Quadtree Image Compression

April 2025

Quadtree Image Compression Algorithm

Implementation of Divide and Conquer for Image Compression

JavaDivide & ConquerData StructuresImage ProcessingAlgorithmsGIF Visualization

A Java-based application developed as part of IF2211 Algorithm Strategy course, focusing on image compression using the Quadtree method. This divide-and-conquer approach recursively divides images into smaller blocks based on color similarity.
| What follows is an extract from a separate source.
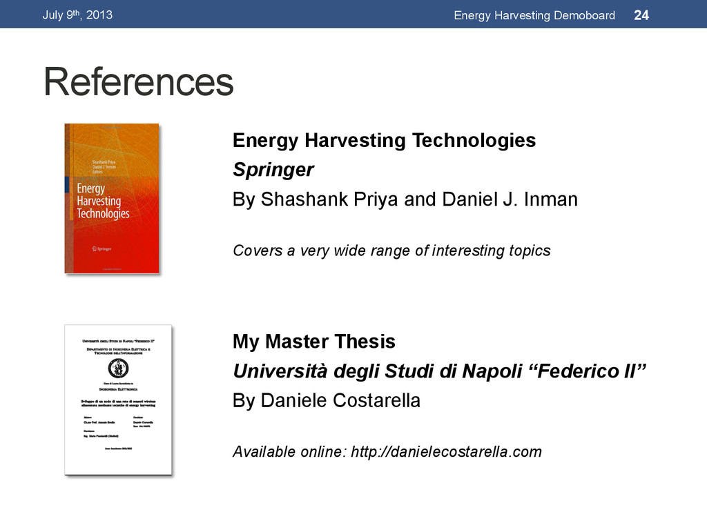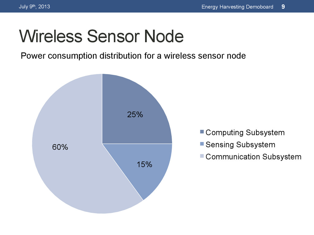 Project and development of a smart Wireless Sensor Network node powered by ambient Energy Harvesting. The demoboard is capable of accepting piezoelectric, solar and thermal-powered energy sources simultaneously. The project comes with a web based real-time data view.

The program implements five error metrics to determine block homogeneity and supports GIF visualization of the compression process, providing an educational tool to understand how quadtree structures adapt to different image areas.

Key Features

  • Implemented five error metrics: Variance, Mean Absolute Deviation (MAD), Max Pixel Difference, Entropy, and SSIM
  • Developed GIF visualization feature to illustrate the compression process step-by-step
  • Applied divide and conquer algorithm for efficient recursive image partitioning
  • Designed modular architecture with separate classes for different error metrics and compression controllers
  • Optimized compression quality by focusing on detailed image sections while reducing memory usage for uniform areas

Error Metrics Implemented

Variance

Measures color variation within image blocks

Mean Absolute Deviation (MAD)

Calculates average absolute deviation from mean color

Max Pixel Difference

Finds maximum color difference between pixels

Entropy

Measures information content and color distribution

SSIM

Structural Similarity Index for perceptual quality assessment

GIF Visualization

Step-by-step compression process animation

Technical Implementation

Algorithm: Divide and Conquer approach that recursively partitions images into quadrants based on color homogeneity thresholds.

Data Structure: Quadtree implementation where each node represents an image region with four children for sub-regions.

Optimization: SSIM metric provides the most stable threshold (0-1) for target compression percentage control.